What the task asks:
Please return each entry that follows exactly as given, but without pictures.

[Data to process Boundary: Start]

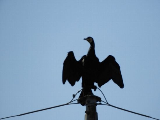 すぐ近くの電柱には【カワウ】も止まっていた。
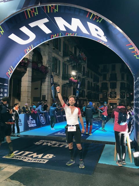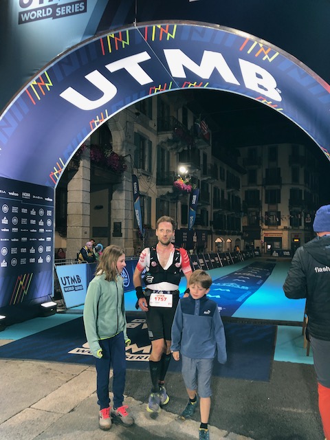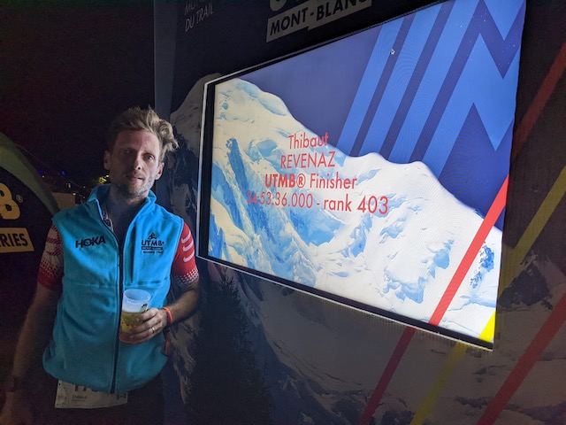 Après la longue descente de la Flégère, c’est l’arrivée sous l’arche de Chamonix. La foule n’est pas immense à 4h53 du matin, mais le fan club est là pour ovationner son idole: le voilà, il l’a fait, et quelle performance!: un peu moins de 35h de course, et il tient toujours debout. Bravo Thibaut!
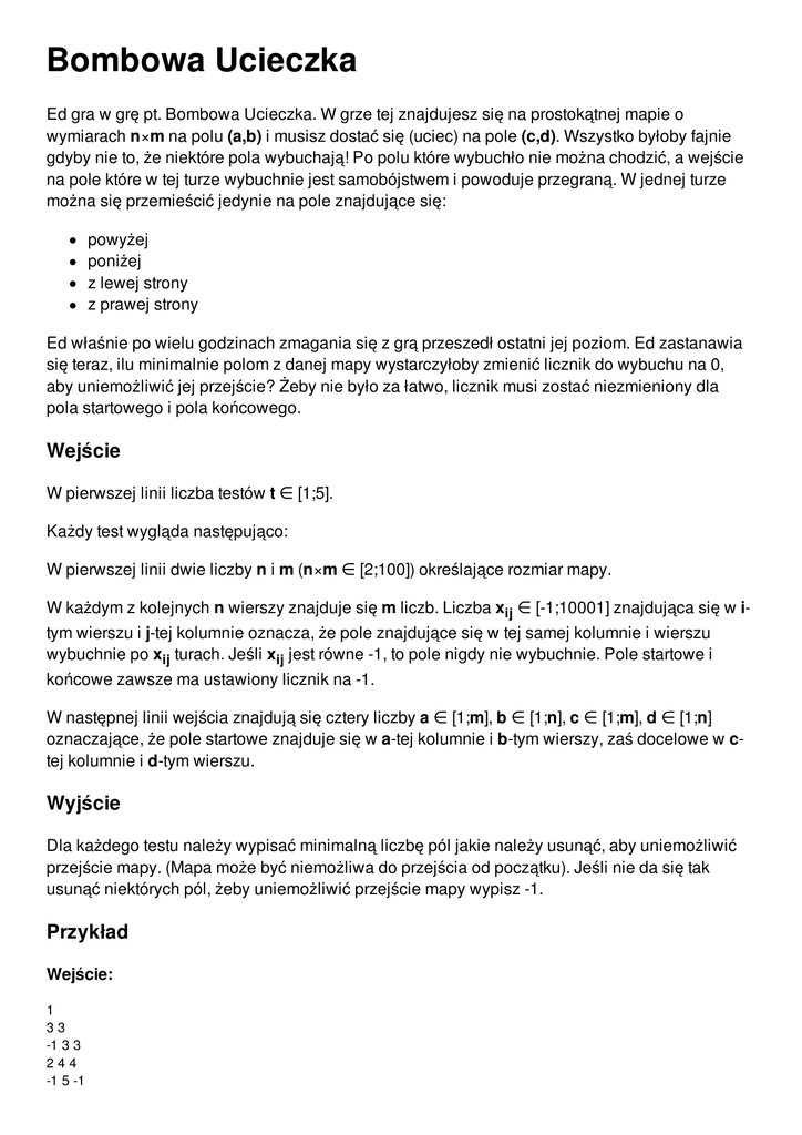 Bombowa Ucieczka Ed gra w grę pt. Bombowa Ucieczka. W grze tej znajdujesz się na prostokątnej mapie o wymiarach n×m na polu (a,b) i musisz dostać się (uciec) na pole (c,d). Wszystko byłoby fajnie gdyby nie to, że niektóre pola wybuchają! Po polu które wybuchło nie można chodzić, a wejście na pole które w tej turze wybuchnie jest samobójstwem i powoduje przegraną. W jednej turze można się przemieścić jedynie na pole znajdujące się: powyżej poniżej z lewej strony z prawej strony Ed właśnie po wielu godzinach zmagania się z grą przeszedł ostatni jej poziom. Ed zastanawia się teraz, ilu minimalnie polom z danej mapy wystarczyłoby zmienić licznik do wybuchu na 0, aby uniemożliwić jej przejście? Żeby nie było za łatwo, licznik musi zostać niezmieniony dla pola startowego i pola końcowego. Wejście W pierwszej linii liczba testów t ∈ [1;5]. Każdy test wygląda następująco: W pierwszej linii dwie liczby n i m (n×m ∈ [2;100]) określające rozmiar mapy. W każdym z kolejnych n wierszy znajduje się m liczb. Liczba xij ∈ [-1;10001] znajdująca się w itym wierszu i j-tej kolumnie oznacza, że pole znajdujące się w tej samej kolumnie i wierszu wybuchnie po xij turach. Jeśli xij jest równe -1, to pole nigdy nie wybuchnie. Pole startowe i końcowe zawsze ma ustawiony licznik na -1. W następnej linii wejścia znajdują się cztery liczby a ∈ [1;m], b ∈ [1;n], c ∈ [1;m], d ∈ [1;n] oznaczające, że pole startowe znajduje się w a-tej kolumnie i b-tym wierszy, zaś docelowe w ctej kolumnie i d-tym wierszu. Wyjście Dla każdego testu należy wypisać minimalną liczbę pól jakie należy usunąć, aby uniemożliwić przejście mapy. (Mapa może być niemożliwa do przejścia od początku). Jeśli nie da się tak usunąć niektórych pól, żeby uniemożliwić przejście mapy wypisz -1. Przykład Wejście: 1 33 -1 3 3 244 -1 5 -1 1133 Wyjście: 2
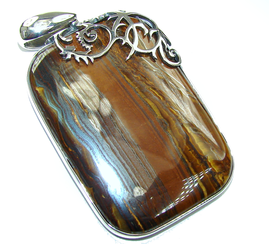 Beautiful AAA Brown Imperial Jasper Sterling Silver Pendant
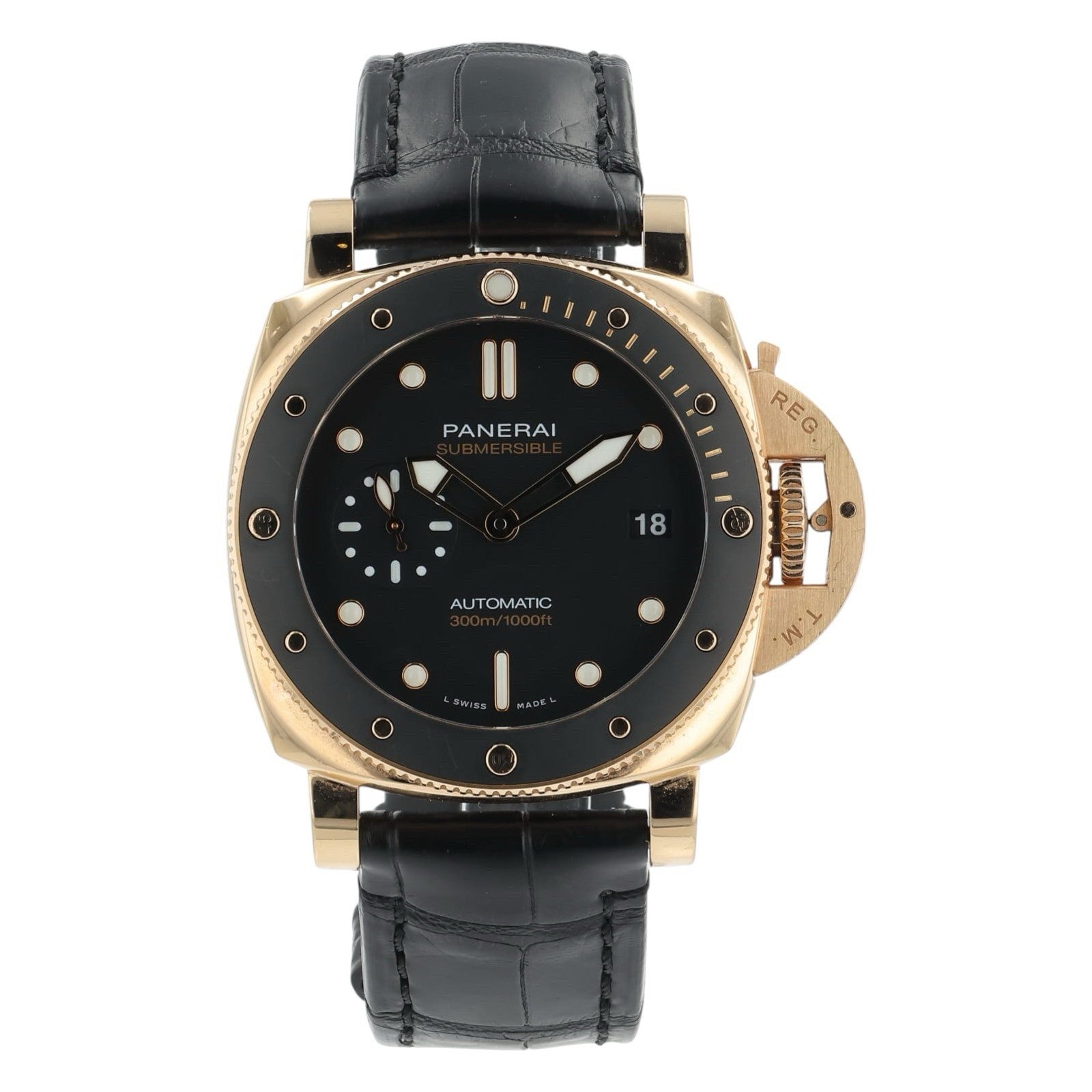 Panerai Submersible 18k Rose Gold Black Dial 42mm Automatic Mens Watch PAM01164
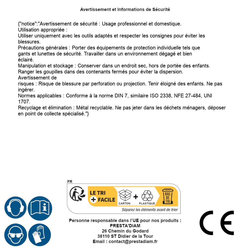 | AVERTISSEMENT et SECURITE | Identification de la personne responsable dans l’UE : Nom : PRESTA'DIAM. Adresse : 26 Chemin du Godard, 38110 ST Didier de la Tour (France). Email : contact@prestadiam.fr. |
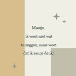 Leuke denken aan kaart om naar een vriend te sturen om te laten weten dat je aan hem denkt met de tekst: Maatje, ik weet niet wat te zeggen, maar weet dat ik aan je denk!
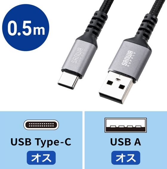 USBポート(USB2.0 Aコネクタメス)を持つパソコンや充電器やモバイルバッテリー等の機器と、USB Type-Cポートを持つ周辺機器を接続する時に使用するケーブルです。
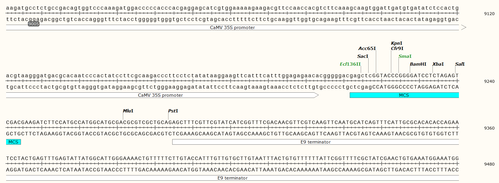 在pCambia 2300的EcoRI和HindIII之間插入了35S啟動子、MCS和E9 終止子序列。
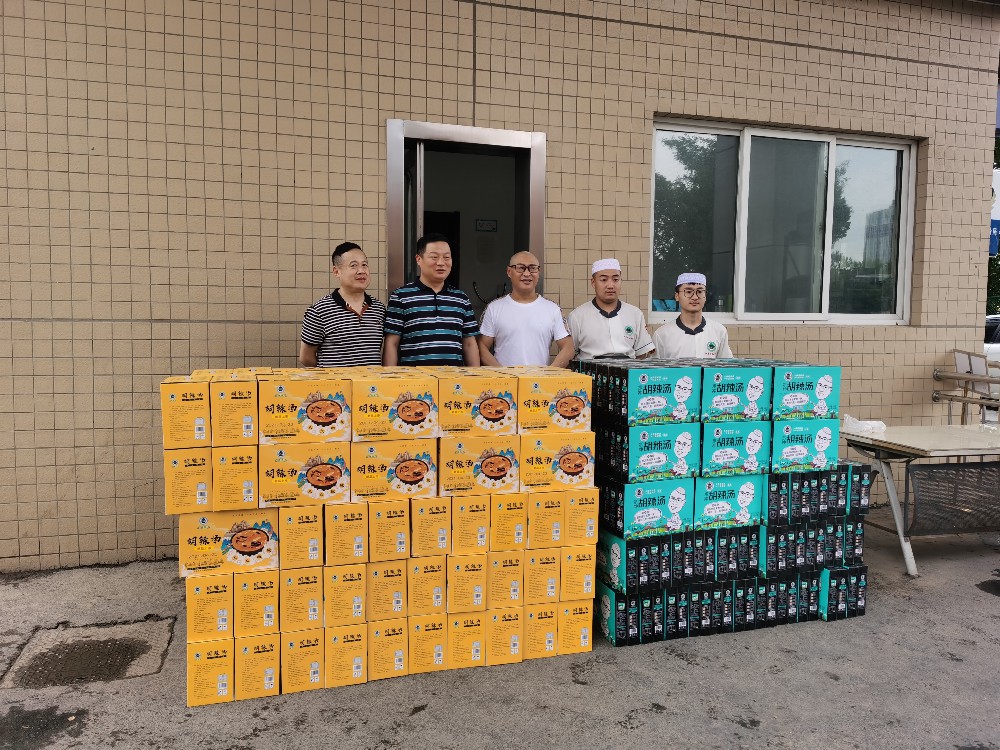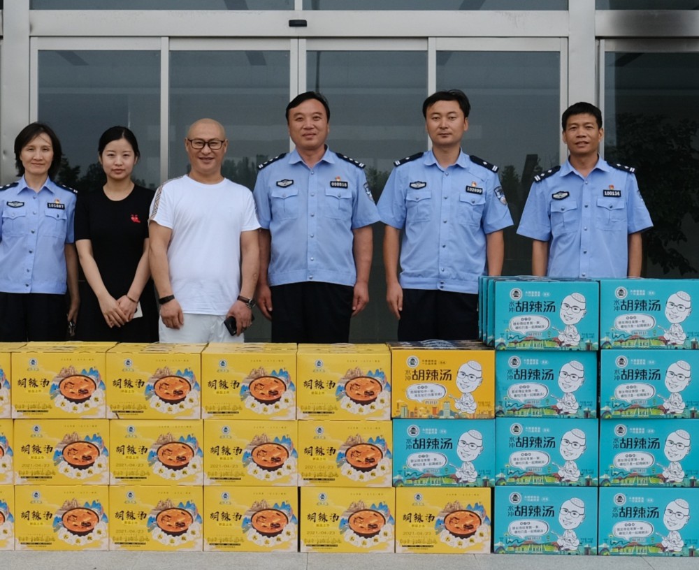 图为2021年7月22日姚有才为郑州市惠济区公安分局捐赠即食胡辣汤。
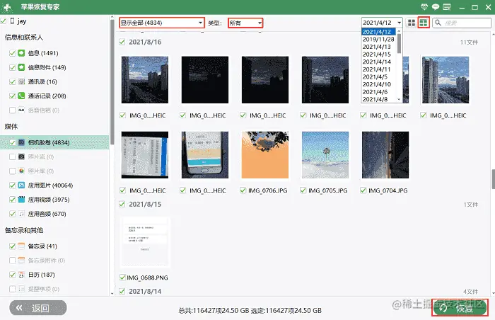 步骤4:可根据的需要选择删除过的那些照片进行恢复,也可以根据下面图中的提示去选择按时间分类,通过日期去找到自己想要的照片。
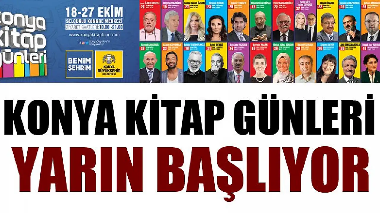 Konya, 1 milyon kitap, 250 yayınevi, 450 yazar ve 500 etkinliğin yer alacağı Konya Kitap Günleriyle adeta bir kültür bayramı ile buluşuyor. Fuar, bu yıl Selçuklu Kongre Merkezinde kitapseverleri kitapla buluşturuyor.
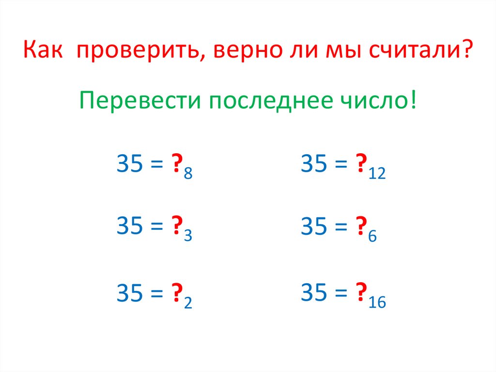 Как проверить, верно ли мы считали?Перевести последнее число!
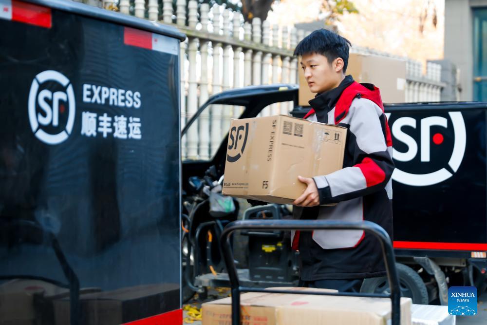 A deliveryman carries a package at a branch of courier service provider SF Express in Wuzhi County, central China's Henan Province, Nov. 11, 2025. E-commerce and logistics companies across China are working at full capacity during the annual "Double Eleven" shopping festival. (Photo by Wang Linfeng/Xinhua)

[Data to process Boundary: End]

Result of the task:
 すぐ近くの電柱には【カワウ】も止まっていた。
 Après la longue descente de la Flégère, c’est l’arrivée sous l’arche de Chamonix. La foule n’est pas immense à 4h53 du matin, mais le fan club est là pour ovationner son idole: le voilà, il l’a fait, et quelle performance!: un peu moins de 35h de course, et il tient toujours debout. Bravo Thibaut!
 Bombowa Ucieczka Ed gra w grę pt. Bombowa Ucieczka. W grze tej znajdujesz się na prostokątnej mapie o wymiarach n×m na polu (a,b) i musisz dostać się (uciec) na pole (c,d). Wszystko byłoby fajnie gdyby nie to, że niektóre pola wybuchają! Po polu które wybuchło nie można chodzić, a wejście na pole które w tej turze wybuchnie jest samobójstwem i powoduje przegraną. W jednej turze można się przemieścić jedynie na pole znajdujące się: powyżej poniżej z lewej strony z prawej strony Ed właśnie po wielu godzinach zmagania się z grą przeszedł ostatni jej poziom. Ed zastanawia się teraz, ilu minimalnie polom z danej mapy wystarczyłoby zmienić licznik do wybuchu na 0, aby uniemożliwić jej przejście? Żeby nie było za łatwo, licznik musi zostać niezmieniony dla pola startowego i pola końcowego. Wejście W pierwszej linii liczba testów t ∈ [1;5]. Każdy test wygląda następująco: W pierwszej linii dwie liczby n i m (n×m ∈ [2;100]) określające rozmiar mapy. W każdym z kolejnych n wierszy znajduje się m liczb. Liczba xij ∈ [-1;10001] znajdująca się w itym wierszu i j-tej kolumnie oznacza, że pole znajdujące się w tej samej kolumnie i wierszu wybuchnie po xij turach. Jeśli xij jest równe -1, to pole nigdy nie wybuchnie. Pole startowe i końcowe zawsze ma ustawiony licznik na -1. W następnej linii wejścia znajdują się cztery liczby a ∈ [1;m], b ∈ [1;n], c ∈ [1;m], d ∈ [1;n] oznaczające, że pole startowe znajduje się w a-tej kolumnie i b-tym wierszy, zaś docelowe w ctej kolumnie i d-tym wierszu. Wyjście Dla każdego testu należy wypisać minimalną liczbę pól jakie należy usunąć, aby uniemożliwić przejście mapy. (Mapa może być niemożliwa do przejścia od początku). Jeśli nie da się tak usunąć niektórych pól, żeby uniemożliwić przejście mapy wypisz -1. Przykład Wejście: 1 33 -1 3 3 244 -1 5 -1 1133 Wyjście: 2
 Beautiful AAA Brown Imperial Jasper Sterling Silver Pendant
 Panerai Submersible 18k Rose Gold Black Dial 42mm Automatic Mens Watch PAM01164
 | AVERTISSEMENT et SECURITE | Identification de la personne responsable dans l’UE : Nom : PRESTA'DIAM. Adresse : 26 Chemin du Godard, 38110 ST Didier de la Tour (France). Email : contact@prestadiam.fr. |
 Leuke denken aan kaart om naar een vriend te sturen om te laten weten dat je aan hem denkt met de tekst: Maatje, ik weet niet wat te zeggen, maar weet dat ik aan je denk!
 USBポート(USB2.0 Aコネクタメス)を持つパソコンや充電器やモバイルバッテリー等の機器と、USB Type-Cポートを持つ周辺機器を接続する時に使用するケーブルです。
 在pCambia 2300的EcoRI和HindIII之間插入了35S啟動子、MCS和E9 終止子序列。
 图为2021年7月22日姚有才为郑州市惠济区公安分局捐赠即食胡辣汤。
 步骤4:可根据的需要选择删除过的那些照片进行恢复,也可以根据下面图中的提示去选择按时间分类,通过日期去找到自己想要的照片。
 Konya, 1 milyon kitap, 250 yayınevi, 450 yazar ve 500 etkinliğin yer alacağı Konya Kitap Günleriyle adeta bir kültür bayramı ile buluşuyor. Fuar, bu yıl Selçuklu Kongre Merkezinde kitapseverleri kitapla buluşturuyor.
 Как проверить, верно ли мы считали?Перевести последнее число!
 A deliveryman carries a package at a branch of courier service provider SF Express in Wuzhi County, central China's Henan Province, Nov. 11, 2025. E-commerce and logistics companies across China are working at full capacity during the annual "Double Eleven" shopping festival. (Photo by Wang Linfeng/Xinhua)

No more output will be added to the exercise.